Closed flamedmg closed 9 years ago
scala-csv is implemented with parser combinator library (scala.util.parsing.combinators) of Scala but it's too slow for large files. Performace was not my interest when I chose it. I just wanted a csv parser implemented only in scala. Now I should be serious about the performance problem. I need to rewrite its parser in the different way in the next version of scala-csv.
Hi @tototoshi ,
Is there some progress on this point?
I have some 50Gb CSV file (Youhou!), and I am searching a Scala solution to enjoy monad stuff if possible. Right now I am splitting lines with the delimiter, and I use Akka to do it on several threads, I would prefer to not implement a clean parser by myself. If you are not working anymore on optimization, can you advise me another library? I am thinking to OpenCSV with a wrapper (like http://www.encodedknowledge.com/2012/04/reading-csv-files-in-scala-the-traversable-way/) but didn't tried it yet.
Regards
Ps: an idea of implementation based on Iteratees : https://jazzy.id.au/default/2012/11/06/iteratees_for_imperative_programmers.html Scalaz-Stream can be useful too?

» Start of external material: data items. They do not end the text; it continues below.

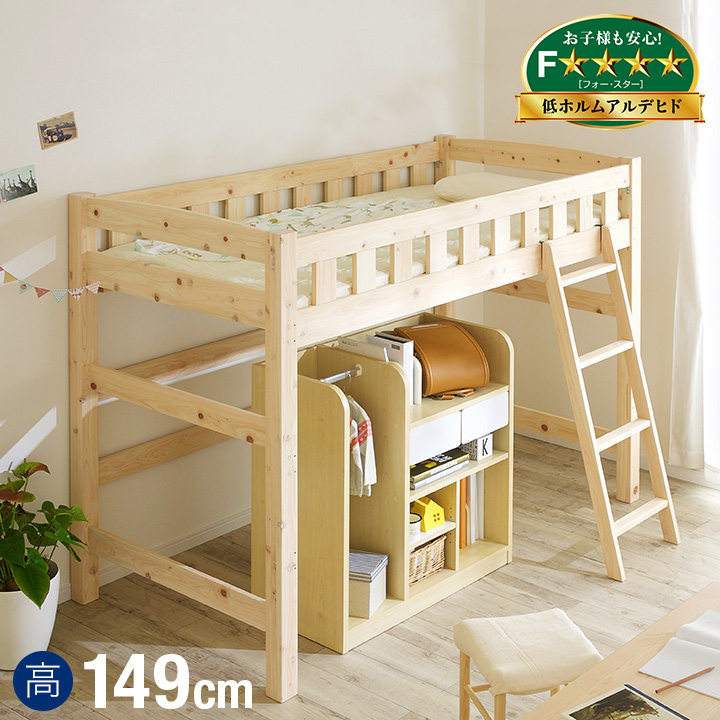 ■【5年保証/国産/熊本県産ヒノキ使用】ロータイプ ロフトベッド 香(コウ) H149cm ロフトベット ロフト ベット すのこベッド すのこ 子供用
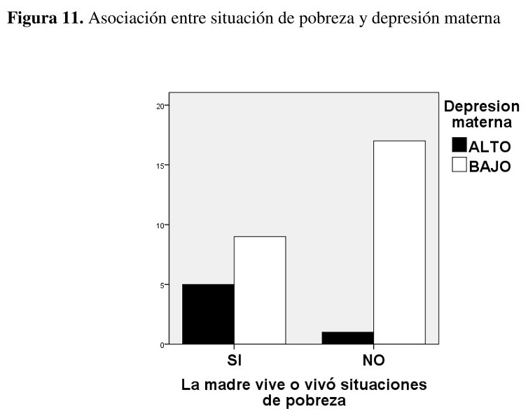 Se observa una asociación entre la situación de pobreza y la depresión materna obtenida tras aplicar el cuestionario PHQ-2. Las madres que perciben que han vivido o viven situaciones de pobreza presentan puntajes más altos en depresión (X2 (1, N=32) = 4,702, p < 0,03 {ver figura 11}.
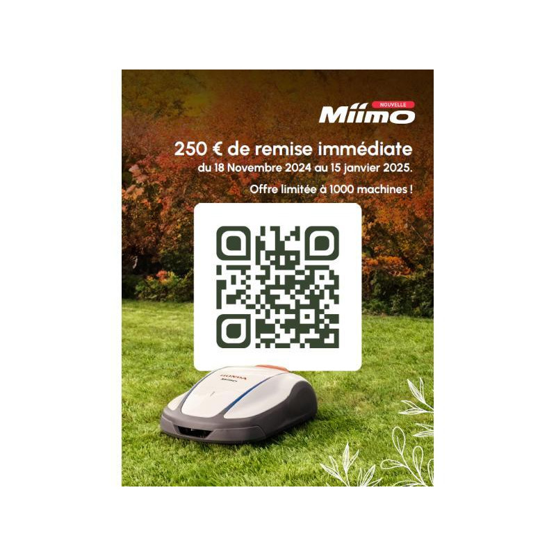 Tondeuse robot totalement autonome pouvant tondre des pelouses de 400 à 4 000m² sans aucune assistance. Doté de technologies innovantes et intelligentes pour un gazon propre et en bonne santé sans effort et tout au long de l'année. Il dispose de capteurs de sécurité qui permettent de détecter les objets ou les animaux pour s'arrêter et changer de direction et offre un micro mulching, un niveau sonore faible, une application bluetooth à l'interface intuitive et simple et une étanchéité qui lui permet de travailler par tous les temps et de le nettoyer au jet d'eau. Le robot adapte sa fréquence de tonte à la saison et à la vitesse de pousse de l'herbe et s'adapte à tous les jardins, même les plus complexes. En ce moment, profitez du kit TCU20E (module de connexion à distance OFFERT et d'une garantie de 5 ANS au lieu de 2. Et, du 18 novembre 2024 au 15 janvier 2025 profitez d'un avoir de 250€ en scannant le QR Code.
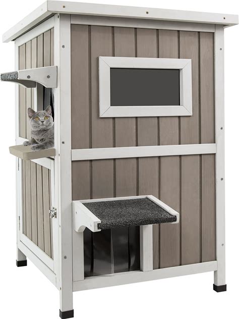Weatherproof Outdoor Cat Enclosure, Large Wooden Catios With 3 Platforms, Patio Cat Houses For Cats,
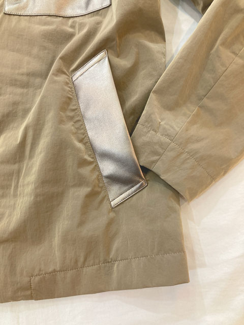 アウトドアメーカーの名作をアレンジし、モディファイした今作。レトロな90年代テイストそのままに立ち襟からフード仕様に変更し通常は合繊のフリースが表地ですが、1PIU1UGUALE3ではLIMONTA社のナイロンタフタにて製作しました。別布も上質なエコレザー、ZIPPERは軽量化を狙いYKK社製の1PIU1オリジナルのビスロンファスナー、フード紐は1PIU1ロゴ入りの弾丸チップ付のスピンドルを採用しています。

scala-csv v0.8.0 may much faster than v1.0.0. Could you try it? It is a thin OpenCSV wrapper. The difference between v0.8.0 and v1.0.0 API is the style of specifying csv format.
Thank you, I will try it this weekend and keep you informed of the results.
Are you working on an optimization?
Regards
Just an additional datapoint: I've been trying scala-csv 1.0.0 on a CSV file of around 300MB, and it's not usable (as indicated here). I constantly get this:
Exception in thread "main" java.lang.StackOverflowError
at scala.collection.immutable.Page.latest(PagedSeq.scala:239)
at scala.collection.immutable.Page.latest(PagedSeq.scala:239)
whether I use reader.all() or reader.iterator().
For my use-case, speed is not a major concern, but I need to be able to handle CSV files of up to several gigabytes.
I found a problem in CSVReader class.
This loads all input in memory at once and consumes huge memory on large input.
@tototoshi any estimate when you might be releasing the above fix? Thanks!
@cblage Published snapshot version for now. Please try it.
resolvers += "Sonatype OSS Snapshots" at "https://oss.sonatype.org/content/repositories/snapshots"
libraryDependencies += "com.github.tototoshi" %% "scala-csv" % "1.1.0-SNAPSHOT"
@tototoshi sorry I kind-of lost track of this. I'll try to give it a shot but it turns out that the size of the CSV files I'll be processing shouldn't warrant this optimization :)
@tototoshi you might want to have a look at Parboiled2.
I was getting the java.lang.StackOverflowError using 1.0.0 which made reading large csv files useless. 1.1.0-SNAPSHOT does seem to fix this so that part of the issue should be resolved. However, I can attest that it is painfully slow to read the file. I've tried both 'iterator' and 'stream' methods. Using scala.io.Source.fromFile(..) is multiple times faster.
https://github.com/tototoshi/scala-csv/commit/d02621232db4830d1698a3f1ccfcc6e7788a6bb6 I stopped using parser combinator and added a new implementation. I'm still not satisfied but it seems to be much faster than before.
Released 1.1.0.
I tried to use this library with 42MB large file - it takes forever just to complete empty reader (i.e. no processing in it). It takes less then a second to process that file in nodejs for example.
I profiled project a little bit and found, that most of the time is consumed by PagedSeq,
Please advice